Figure 2 shows three confusion matrices of three models, from which it can be seen that Model 3 (FS_GAN + SMOTE + RF) has the largest proportion of results on the diagonal, which means it has the highest accuracy of classification. More detailed evaluation indicators are shown in Table 4.

Table 4 shows the evaluation metrics of the three models based on their test set. Model 1 is biased towards the majority class, so the prediction results for OTC-A (label = 1) and OTC-B (label = 2) are very poor, and its accuracy is the lowest, only 84.44%. Model 2 balances the data set and can predict most of the OTC drugs (label = 1, 2), with an accuracy rate of 91.99%. Model 3 has the highest prediction accuracy for minority samples, reaching 96.25%. From the macro average and weighted average metrics, Model 1 is the worst, Model 2 ranks second, and Model 3 has the best performance.

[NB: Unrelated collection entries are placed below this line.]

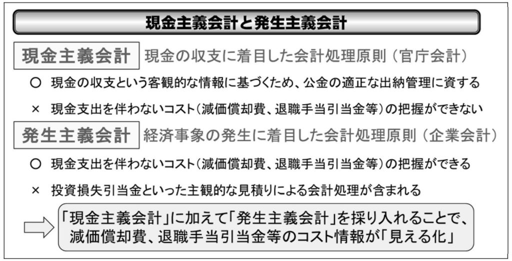 なので、従来の現金主義による歳入・歳出予算・決算が主で、発生主義による財務書類がそれを「補完」する、という位置づけにしているんですね。
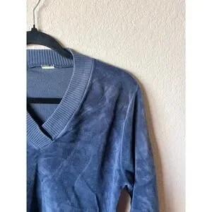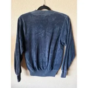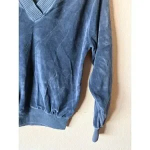 Vintage Velour V-Neck Pullover Sweater Blue Ribbed Trim Blouson XS Top Womens
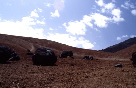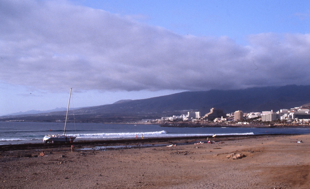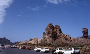 (11.-15.9.) Deck, Kiel und Kimmplatten schleifen und streichen. – Verkaufsführung im "Beverly Hills Club" für einen Anteil in einem Time-Sharing-Complex – bringt uns ein Mietauto für 3 Tage! Rundfahrten auf der Insel; zur Caldera am Fuße des Pico dei Teide; Lift gesperrt wegend zu starken Windes, Anstieg zu Fuss, aber nicht bis zum Gipfel.

5.2. Validation Results Based on Actual ADR Data

In the verification section, the actual ADR data are used as the test set to validate the prediction results of the three trained models in Section5.1. The test sample size of the three models equals to that of the actual ADR data, which is 1047.

The confusion matrices corresponding to the three models are shown in Figure 3.

Figure 3 illustrates the confusion matrices of the three models using the actual ADR data after PRR signal detection as the input (). In the confusion matrix, the blocks on the diagonal indicate the number of correctly classified labels. For each model, the sum of correctly predicted data is calculated as follows: Sum (Model 1) = 874 + 41 + 13 = 928 Sum (Model 2) = 845 + 102 + 44 = 991 Sum (Model 3) = 876 + 105 + 44 = 1025

Under the verification of the same data set, the number of samples correctly predicted by Model 3 is the largest, reaching 1025, which is higher than 928 of Model 1 and 991 of Model 2. This result means that Model 3 has the highest prediction accuracy. More detailed evaluation metrics are shown in Table 5.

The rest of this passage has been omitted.